= Robert O. Harris (lawyer) =

American labor lawyer (1929–2007)

Robert O. Harris (November 11, 1929 – October 1, 2007) was an American labor lawyer who served as Chairman of the National Mediation Board and ombudsman of the International Monetary Fund.

== Biography ==
Harris was born in New York City. He graduated from Columbia College in 1951, and received a LL.B. from Yale Law School in 1954.

He served in the army in the 1950s and worked in the general counsel's office for the Department of Health, Education and Welfare from 1957 to 1959 and in the solicitor's office at the Department of Labor from 1959 to 1961.

In 1961, he received a LL.M. degree from Georgetown University Law Center.

From 1961 to 1967, he was assistant to the chairman of the National Labor Relations Board. He then worked in the United States Senate for the next 11 years, serving as counsel to the U.S. Senate Labor Subcommittee from 1967 to 1969, and from 1969 to 1971 staff director and counsel to the Senate Committee on Labor and Public Welfare.

From 1971 to 1976, he was staff director and counsel for the Democratic majority on the Senate's District of Columbia Committee and played a key role in the passing the District of Columbia Home Rule Act. Harris also served as an alternate member of the National Capital Planning Commission.

On July 20, 1977, President Jimmy Carter named Harris to the National Mediation Board, which governs labor relations in the railroad and airline fields.
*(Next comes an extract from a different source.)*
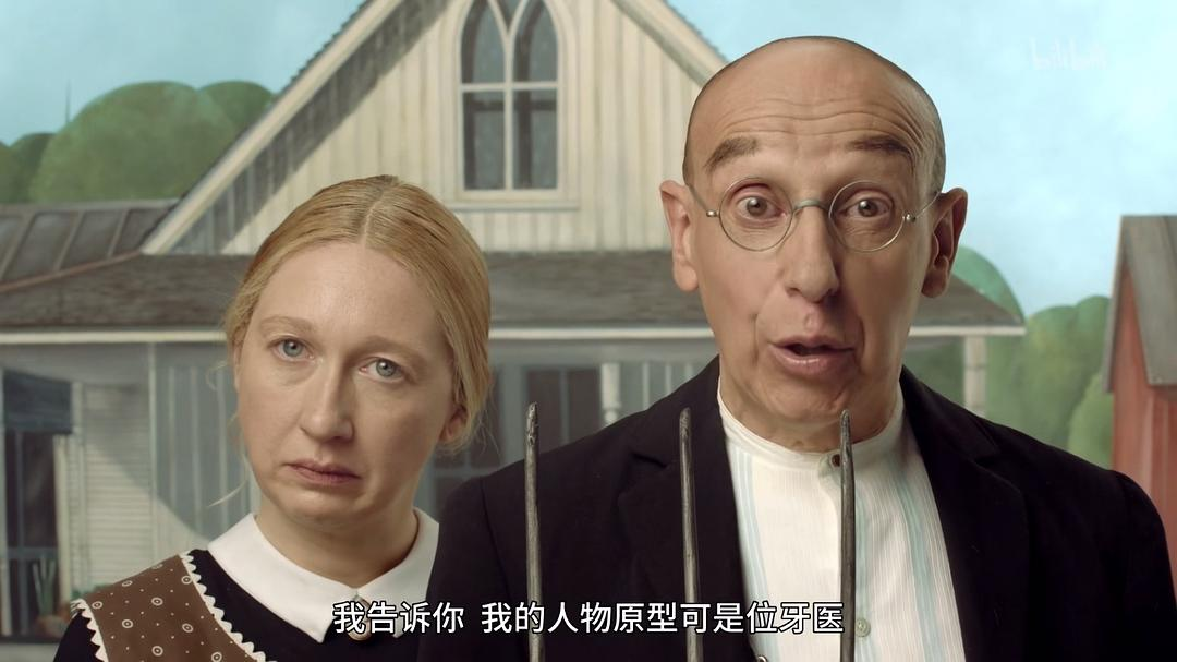 他请他62岁的牙医和他30岁的妹妹作为画中人物的模特,并让他们穿上19世纪维多利亚时期的衣服。

He twice served as chairman from 1979 to 1980 and from 1982 to 1983 and was reappointed to the board by Presidents Jimmy Carter and Ronald Reagan, serving until 1984.

Harris was the International Monetary Fund's ombudsman from 1984 until 1989, then worked as an arbitrator and mediator in the airline industry.

In the presidencies of Ronald Reagan and Bill Clinton, Harris served on various presidential emergency boards, which convene when labor disputes threaten to interrupt interstate commerce.

Harris served as a trustee of the National Cathedral School and lived in Washington, D.C. until 1994, when he moved to Chevy Chase, Maryland. He died of pancreatic cancer Oct. 1, 2007 at Georgetown University Hospital.